The variants scored as PASS or triallelic_sites are included in the final vcf file (SNV.somatic.<CASE_ID>.tnscope.<research/clinical>.filtered.pass.vcf.gz).
Whole Genome Sequencing (WGS)#
Sentieon’s TNscope#
BALSAMIC utilizes the TNscope algorithm for calling somatic SNVs and INDELS in WGS samples. The TNscope algorithm performs the somatic variant calling on the tumor-normal or the tumor-only samples.
TNscope filtering (Tumor_normal)#
Pre-call Filters
Apply TNscope trained MachineLearning Model: Sets MLrejected on variants with ML_PROB below 0.32.
- ::
ML model: SentieonTNscopeModel_GiAB_HighAF_LowFP-201711.05.model is applied
min_init_tumor_lod: Initial Log odds for the that the variant exists in the tumor.
min_init_tumor_lod = 1
min_tumor_lod: Minimum log odds in the final call of variant in the tumor.
min_tumor_lod = 8
min_init_normal_lod: Initial Log odds for the that the variant exists in the normal.
min_init_normal_lod = 0.5
min_normal_lod: Minimum log odds in the final call of variant in the normal.
min_normal_lod = 1
Post-call Quality Filters
Total Depth (DP): Refers to the overall read depth from all target samples supporting the variant call
DP(tumor) >= 10 (or) DP(normal) >= 10
Allelic Depth (AD): Total reads supporting the ALT allele in the tumor sample
AD(tumor) >= 3
Allelic Frequency (AF): Fraction of the reads supporting the alternate allele
Minimum AF(tumor) >= 0.05
alt_allele_in_normal: Default filter set by TNscope was considered too stringent in filtering tumor in normal and is removed.
bcftools annotate -x FILTER/alt_allele_in_normal
Relative tumor AF in normal: Allows for maximum Tumor-In-Normal-Contamination of 30%.
excludes variant if: AF(normal) / AF(tumor) > 0.3
Post-call Observation database Filters
GNOMADAF_POPMAX: Maximum Allele Frequency across populations
GNOMADAF_popmax <= 0.001 (or) GNOMADAF_popmax == "."
SWEGENAF <= 0.01 (or) SWEGENAF == "."
Frq: Frequency of observation of the variants from normal Clinical samples
Frq <= 0.01 (or) Frq == "."
The variants scored as PASS or triallelic_sites are included in the final vcf file (SNV.somatic.<CASE_ID>.tnscope.<research/clinical>.filtered.pass.vcf.gz).

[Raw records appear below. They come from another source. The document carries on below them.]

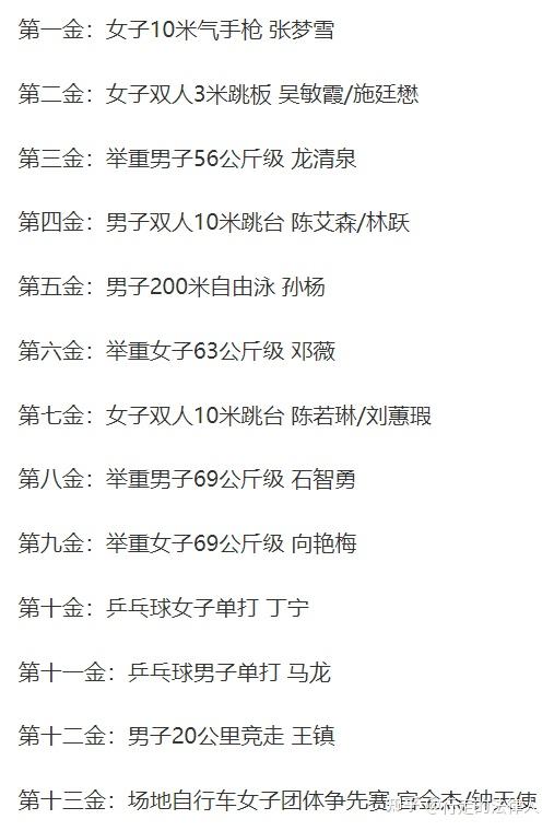 五、剩余角逐日我国队夺金点预测各人比力关心我国余下几个角逐日的夺金点,下面预测一波我国队比力有可能夺金的工程项目(若是胜利夺金的,答主会持续更新标黑,让他们一同来看看最初能标黑几个):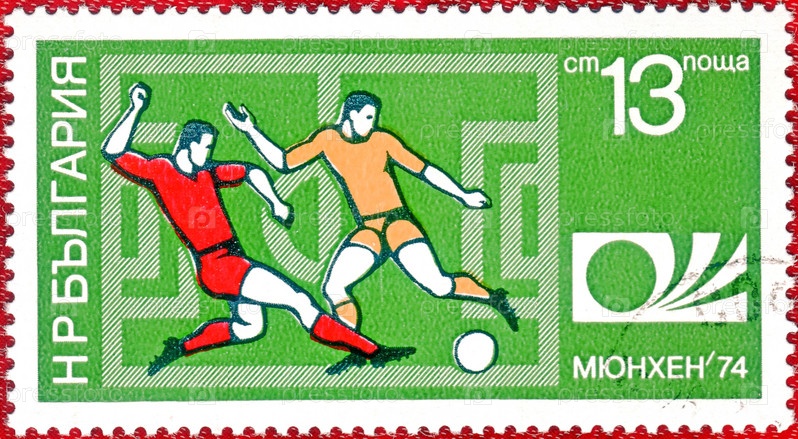 БОЛГАРИЯ - около 1974: Почтовая марка напечатана в Болгарии с изображением футболистов, с надписью "Мюнхен 74 и эмблемой чемпионата мира", из серии "Футбол"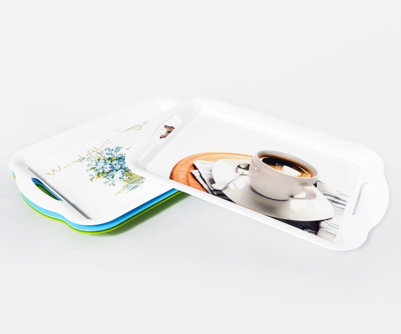 Plastový podnos vhodný na servírování zákusků, chlebíčků nebo kávy, čaje apod. Rozměry 42 x 29 x 3 cm. Barva a dekor dle skladové dostupnosti , většinou bílá bez dekoru. Vyrobeno v EU. Materiál PS, vhodné pro styk s potrtavinami. EAN 6421937080189 prečítať celé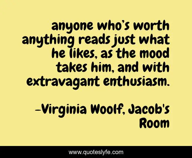 "Virginia Woolf, Jacob's Room Quotes." Quoteslyfe.com, 2025. Mon. 08 Dec. 2025. <https://www.quoteslyfe.com/quote/anyone-who-s-worth-anything-reads-just-43094>.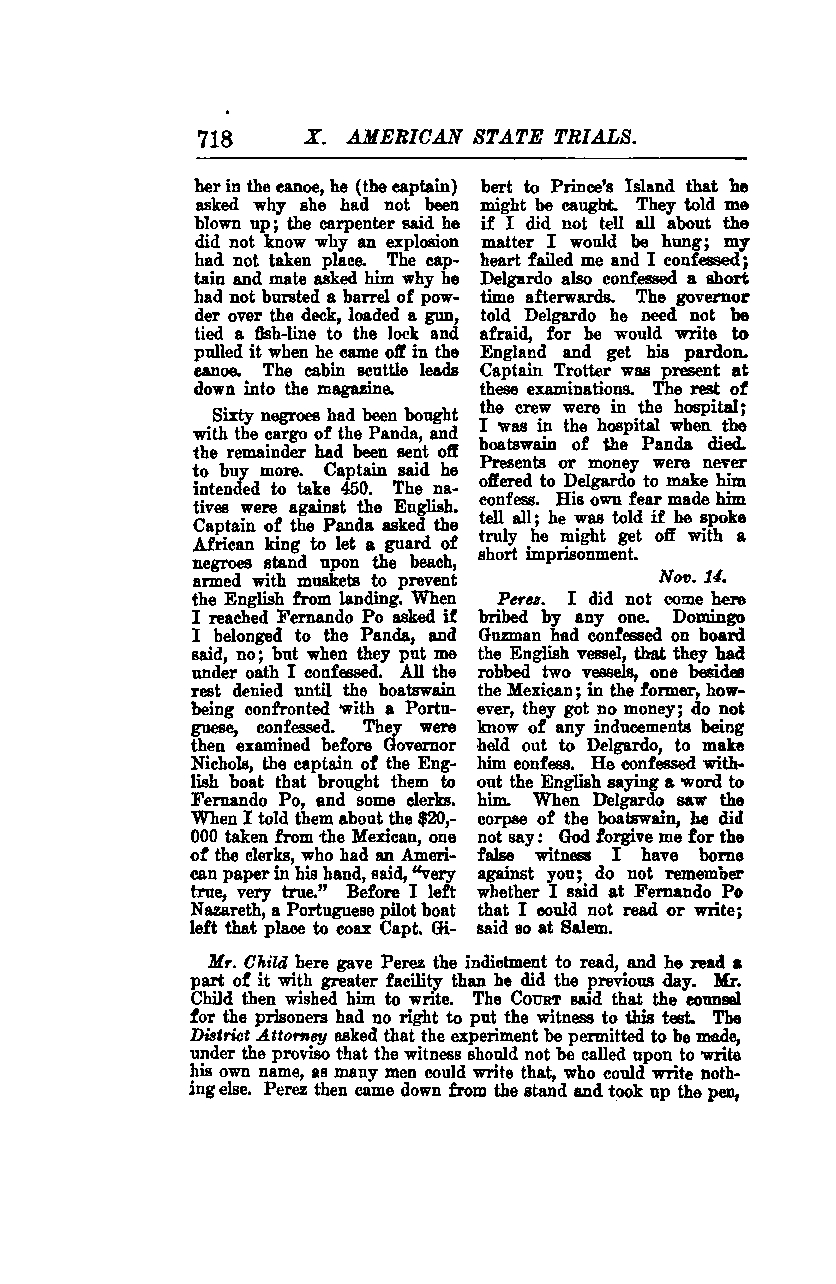Perez: I did not come here bribed by anyone. Domingo Guzman had confessed on board the English vessel that they had robbed two vessels, one besides the Mexican; in the former, however, they got no money. I do not know of any inducements being held out to Delgardo to make him confess. He confessed without the English saying a word to him. When Delgardo saw the corpse of the boatswain, he did not say: "God forgive me for the false witness I have borne against you." I do not remember whether I said at Fernando Po that I could not read or write; I said so at Salem.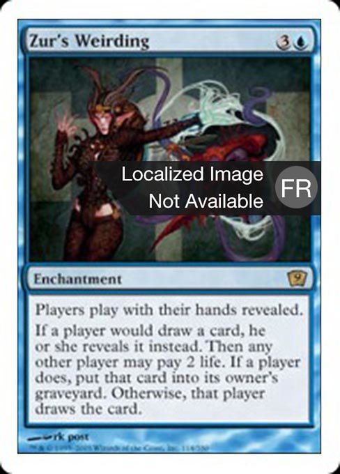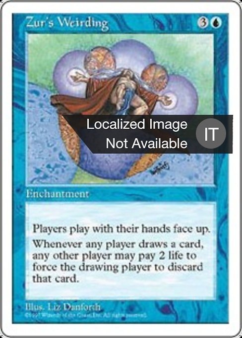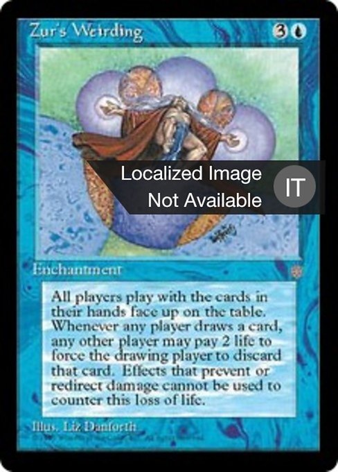 ![]() Variations— Parts— | Malia di ZurI giocatori giocano a carte scoperte. Se un giocatore sta per pescare una carta, invece la rivela. Poi ogni altro giocatore può pagare 2 punti vita. Se un giocatore paga, metti quella carta nel cimitero del suo proprietario. Altrimenti, quel giocatore pesca la carta.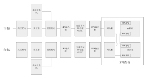 IT机柜的供电方式为:每个IT机柜内包括两路PDU,PDU(A)和PDU(B),其中PDU(A)通过电缆由列头柜A取电,PDU(B)通过电缆由列头柜B取电。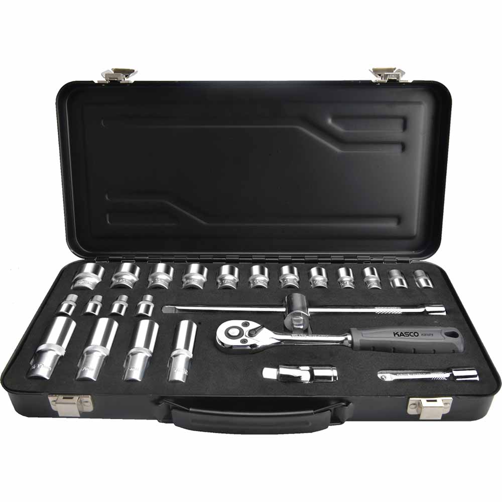 סט בוקסות מקצועי הינע “3/8 מ“מ 25 חלקים במזוודת מתכת KASCO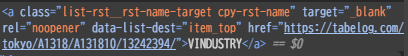 classに店舗URLのaタグについてそうなlist-rst__rst-name-targetという名前もついていますね。一覧ページの店舗表示件数は20件なのでclass名がlist-rst__rst-name-targetの要素数を抽出し、それが20件であれば店舗URLを示すaタグであるということになりそうなので確認してみます。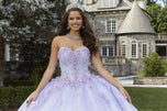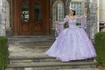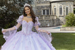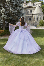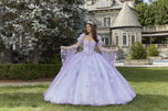 Fairytale quinceanera ball gown has a draped, sweetheart bodice adorned with delicate crystal beaded, three-dimensional floral appliques that cascade down the glitter tulle skirt. Detachable princess sleeves and back bow complete the look.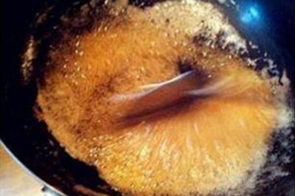 炒糖色的油一定不能太多,如果油太多,會(huì)附著在糖液的表面上,不利于觀察其色澤,影響判斷,增加炒糖色的難度。

TNscope filtering (tumor_only)#
Pre-call Filters
min_init_tumor_lod: Initial Log odds for the that the variant exists in the tumor.
min_init_tumor_lod = 1
min_tumor_lod: Minimum log odds in the final call of variant in the tumor.
min_tumor_lod = 8
The somatic variants in TNscope raw VCF file (SNV.somatic.<CASE_ID>.tnscope.all.vcf.gz) are filtered out for the genomic regions that are not reliable (eg: centromeric regions, non-chromosome contigs) to enhance the computation time. This WGS interval region file is collected from gatk_bundles gs://gatk-legacy-bundles/b37/wgs_calling_regions.v1.interval_list.
Post-call Quality Filters
Total Depth (DP): Refers to the overall read depth supporting the variant call
DP(tumor) >= 10
Allelic Depth (AD): Total reads supporting the ALT allele in the tumor sample
AD(tumor) > 3
Allelic Frequency (AF): Fraction of the reads supporting the alternate allele
Minimum AF(tumor) > 0.05
SUM(QSS)/SUM(AD) >= 20
Read Counts: Count of reads in a given (F1R2, F2R1) pair orientation supporting the alternate allele and reference alleles
ALT_F1R2 > 0, ALT_F2R1 > 0
REF_F1R2 > 0, REF_F2R1 > 0
SOR: Symmetric Odds Ratio of 2x2 contingency table to detect strand bias
SOR < 3
Post-call Observation database Filters
GNOMADAF_POPMAX: Maximum Allele Frequency across populations
GNOMADAF_popmax <= 0.001 (or) GNOMADAF_popmax == "."
Normalized base quality scores: The sum of base quality scores for each allele (QSS) is divided by the allelic depth of alt and ref alleles (AD)
SWEGENAF <= 0.01 (or) SWEGENAF == "."
Frq: Frequency of observation of the variants from normal Clinical samples
Frq <= 0.01 (or) Frq == "."
The variants scored as PASS or triallelic_sites are included in the final vcf file (SNV.somatic.<CASE_ID>.tnscope.<research/clinical>.filtered.pass.vcf.gz).
Attention: BALSAMIC <= v8.2.10 uses GNOMAD_popmax <= 0.005. From Balsamic v9.0.0, this settings is changed to 0.02, to reduce the stringency. BALSAMIC >= v11.0.0 removes unmapped reads from the bam and cram files for all the workflows. BALSAMIC >= v13.0.0 keeps unmapped reads in bam and cram files for all the workflows. BALSAMIC >= v16.0.0 uses UMIs for duplicate removal bam in standard TGA workflows.